EXERCISE DETAILS: This exercise calls for an exact transcription. Set down every record below.

INPUT:
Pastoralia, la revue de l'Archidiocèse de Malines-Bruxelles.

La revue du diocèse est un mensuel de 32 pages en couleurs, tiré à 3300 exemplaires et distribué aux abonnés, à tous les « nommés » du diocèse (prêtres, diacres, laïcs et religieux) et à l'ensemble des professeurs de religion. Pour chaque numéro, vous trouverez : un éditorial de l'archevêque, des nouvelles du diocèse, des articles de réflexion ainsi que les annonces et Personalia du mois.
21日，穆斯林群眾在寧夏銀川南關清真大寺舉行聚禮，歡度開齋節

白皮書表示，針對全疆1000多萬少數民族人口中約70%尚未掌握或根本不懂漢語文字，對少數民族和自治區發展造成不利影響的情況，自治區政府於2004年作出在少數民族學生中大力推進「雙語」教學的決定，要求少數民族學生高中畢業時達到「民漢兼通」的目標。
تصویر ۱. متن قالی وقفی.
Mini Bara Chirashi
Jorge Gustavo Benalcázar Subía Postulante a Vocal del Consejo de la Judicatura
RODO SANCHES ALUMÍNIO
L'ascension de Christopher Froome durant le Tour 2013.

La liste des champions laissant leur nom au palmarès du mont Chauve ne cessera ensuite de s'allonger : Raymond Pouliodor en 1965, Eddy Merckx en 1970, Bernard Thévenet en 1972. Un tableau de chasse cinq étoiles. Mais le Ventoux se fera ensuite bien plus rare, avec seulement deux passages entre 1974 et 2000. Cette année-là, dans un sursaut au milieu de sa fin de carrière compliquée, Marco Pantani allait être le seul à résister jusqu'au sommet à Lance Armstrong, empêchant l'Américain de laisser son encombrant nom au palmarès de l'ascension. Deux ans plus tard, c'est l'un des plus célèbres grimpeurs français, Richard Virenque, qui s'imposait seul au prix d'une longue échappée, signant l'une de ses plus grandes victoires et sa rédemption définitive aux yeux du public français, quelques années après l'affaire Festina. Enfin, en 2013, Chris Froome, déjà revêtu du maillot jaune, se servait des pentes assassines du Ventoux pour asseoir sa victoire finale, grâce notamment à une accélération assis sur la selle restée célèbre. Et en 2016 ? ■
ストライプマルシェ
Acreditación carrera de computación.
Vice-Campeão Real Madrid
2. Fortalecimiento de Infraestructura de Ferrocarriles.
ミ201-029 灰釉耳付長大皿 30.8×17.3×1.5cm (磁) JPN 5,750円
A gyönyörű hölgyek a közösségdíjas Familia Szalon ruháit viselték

YOUR SOLUTION:
Pastoralia, la revue de l'Archidiocèse de Malines-Bruxelles.

La revue du diocèse est un mensuel de 32 pages en couleurs, tiré à 3300 exemplaires et distribué aux abonnés, à tous les « nommés » du diocèse (prêtres, diacres, laïcs et religieux) et à l'ensemble des professeurs de religion. Pour chaque numéro, vous trouverez : un éditorial de l'archevêque, des nouvelles du diocèse, des articles de réflexion ainsi que les annonces et Personalia du mois.
21日，穆斯林群眾在寧夏銀川南關清真大寺舉行聚禮，歡度開齋節

白皮書表示，針對全疆1000多萬少數民族人口中約70%尚未掌握或根本不懂漢語文字，對少數民族和自治區發展造成不利影響的情況，自治區政府於2004年作出在少數民族學生中大力推進「雙語」教學的決定，要求少數民族學生高中畢業時達到「民漢兼通」的目標。
تصویر ۱. متن قالی وقفی.
Mini Bara Chirashi
Jorge Gustavo Benalcázar Subía Postulante a Vocal del Consejo de la Judicatura
RODO SANCHES ALUMÍNIO
L'ascension de Christopher Froome durant le Tour 2013.

La liste des champions laissant leur nom au palmarès du mont Chauve ne cessera ensuite de s'allonger : Raymond Pouliodor en 1965, Eddy Merckx en 1970, Bernard Thévenet en 1972. Un tableau de chasse cinq étoiles. Mais le Ventoux se fera ensuite bien plus rare, avec seulement deux passages entre 1974 et 2000. Cette année-là, dans un sursaut au milieu de sa fin de carrière compliquée, Marco Pantani allait être le seul à résister jusqu'au sommet à Lance Armstrong, empêchant l'Américain de laisser son encombrant nom au palmarès de l'ascension. Deux ans plus tard, c'est l'un des plus célèbres grimpeurs français, Richard Virenque, qui s'imposait seul au prix d'une longue échappée, signant l'une de ses plus grandes victoires et sa rédemption définitive aux yeux du public français, quelques années après l'affaire Festina. Enfin, en 2013, Chris Froome, déjà revêtu du maillot jaune, se servait des pentes assassines du Ventoux pour asseoir sa victoire finale, grâce notamment à une accélération assis sur la selle restée célèbre. Et en 2016 ? ■
ストライプマルシェ
Acreditación carrera de computación.
Vice-Campeão Real Madrid
2. Fortalecimiento de Infraestructura de Ferrocarriles.
ミ201-029 灰釉耳付長大皿 30.8×17.3×1.5cm (磁) JPN 5,750円
A gyönyörű hölgyek a közösségdíjas Familia Szalon ruháit viselték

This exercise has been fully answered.